W zeszłym roku na liście obywateli żyjących ponad stan znalazło się około 5 tys. osób. Ściągnięte z nich podatki i kary uzupełniły budżet o 10 mld rubli białoruskich - cytuje agencja przedstawicielkę Ministerstwa ds. Podatków Swiatłanę Szewczenkę. Według niej, często wśród osób wydających więcej, niż wynoszą ich oficjalne dochody, są emeryci i bezrobotni. Jeśli takie osoby nie są w stanie potwierdzić źródła swoich dochodów, nakazuje się im zapłacenie 12 proc. podatku dochodowego razem z karą.

Bezrobotna kobieta miała w ciągu dwóch lat kupiła w bankach 75 tys. dol. Nie wyjaśniła, skąd wzięła na to ruble białoruskie, wobec czego musiała się rozstać z 22 mln rubli (6,5 tys. zł) - podkreśliła Szewczenka.

Oprócz operacji walutowych białoruskie organy podatkowe kontrolują także przelewy z zagranicy. Dochody takie należy zadeklarować najpóźniej do 1 marca następnego roku. Trzeba też zapłacić od nich podatek.

Oficjalnie na Białorusi prawie nie ma bezrobotnych

Bezrobocie na Białorusi wynosiło oficjalnie według danych z maja 0,5 proc. Wskaźnik uwzględnia jednak tylko osoby zarejestrowane jako bezrobotne.

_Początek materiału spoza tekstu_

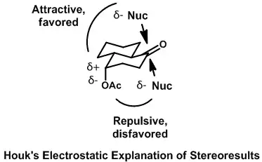 Similarly, in Houk's trans-decalone system, the nucleophile with its partial negative charge prefers to attack away from the partial negative charge of the acyl ester. When this substituent is axial, the equatorial pathway brings the nucleophile into closer proximity and is therefore disfavored.[23] This is less pronounced for equatorially substituted ester because the group is now positioned further away from the carbonyl.[17]
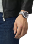 Tissot s'est inspiré de son partenariat avec la course moto pour créer une montre qui reflète le dynamisme des motos et l'émotion du sport.. La collection T-Race immerge le porteur dans un environnement mécanique et en réveille l'esprit. La lunette ressemble à un disque de frein, les poussoirs s'inspirent des guidons et les ailettes de refroidissement d'un moteur sont reproduites sur le côté du boîtier. La montre est étanche jusqu'à une pression de 10 bar (100 m), équipée d'un mouvement chronographe à quartz et dispose d'aiguilles des heures et des minutes marquantes recouvertes de SuperlumiNova.
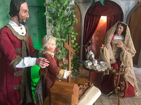 Maria ist fleissig am Spinnen und blickt staunend auf die offene Werkstatt ihres Mannes Josef. Der wundert sich seinerseits, was der kleine Jesus in seiner Holzwerkstatt gebastet hat: ein hölzernes Kreuz.
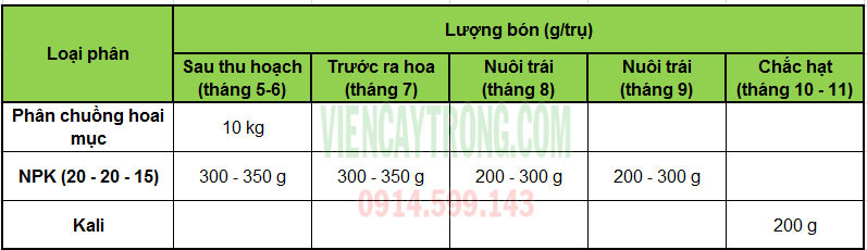Biểu đồ minh họa lượng phân bón chi tiết cho cây tiêu Srilanka theo từng giai đoạn phát triển, hỗ trợ nông dân chăm sóc hiệu quả
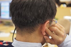 右の耳をふさいでいる
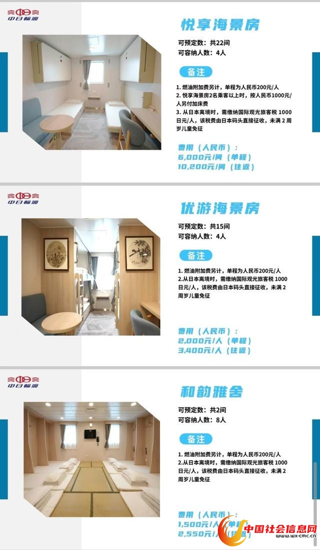 需要注意的是,每位旅客还需要支付单程200元的燃油附加费。从日本返回时,2岁以上的旅客每人需缴纳1000日元的国际观光旅客税。如果旅客购买往返船票,不同房型会有不同程度的价格优惠。
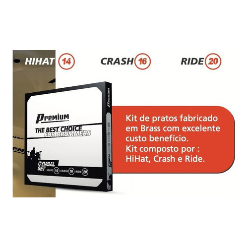 Somos a Eletromusic Loja Especializada a mais de 10 anos no Mercado. Qual e o nosso diferencial? Buscamos sempre oferecer qualidade com excelencia por isso todos os nossos produtos sao de Fornecedores Nacionais com rigoroso controle de qualidade, possuem nota fiscal eletronica e garantia de fabrica. Voce e bem vindo para fazer parte da nossa historia. Com ampla variedade de bancos, ferragens e acessorios, a Premium traz solucoes desde o publico iniciante ate o profissional mais exigente. O Set de prato Premium e otima solucao para o baterista que esta iniciando. Produzido em Brass, o kit e composto por 1 Hi-Hat (chimbal) de 14', 1 Crash (ataque) de 16' e 1 Ride (conducao) de 20'. Caracteristicas Gerais: - Serie: Premium - Codigo: Set Prato Premium 14/16/20 - Material: Brass Especificacoes: - Tipo: Kit - Modelo: Hi-hat / Crash / Ride - Polegada: 14 / 16 / 20 Detalhes: - Acompanha Embalagem Conteudo da Embalagem: -01 Set Prato Premium -04 Feltro para Prato -01 Par Baqueta 5A Outras Informacoes: - Garantia: 03 meses

Tymczasem wielu ludzi rezygnuje z procedury rejestracji, bo jest ona dość skomplikowana i wymaga, by osoba ubiegająca się o zasiłek wykonywała "prace społeczne". Oprócz tego, sam zasiłek jest bardzo niski - w lutym wynosił w Mińsku średnio około 35 zł.

Przeciętne zarobki na Białorusi są niższe niż w Rosji czy UE (średnia pensja wynosi obecnie równowartość nieco ponad 600 dol.), wielu Białorusinów wyjeżdża do pracy za granicę. Według danych przytoczonych przez Szewczenkę na początku roku, w 2013 r. najwięcej (86 proc.) osób wyjeżdżało pracować do Rosji.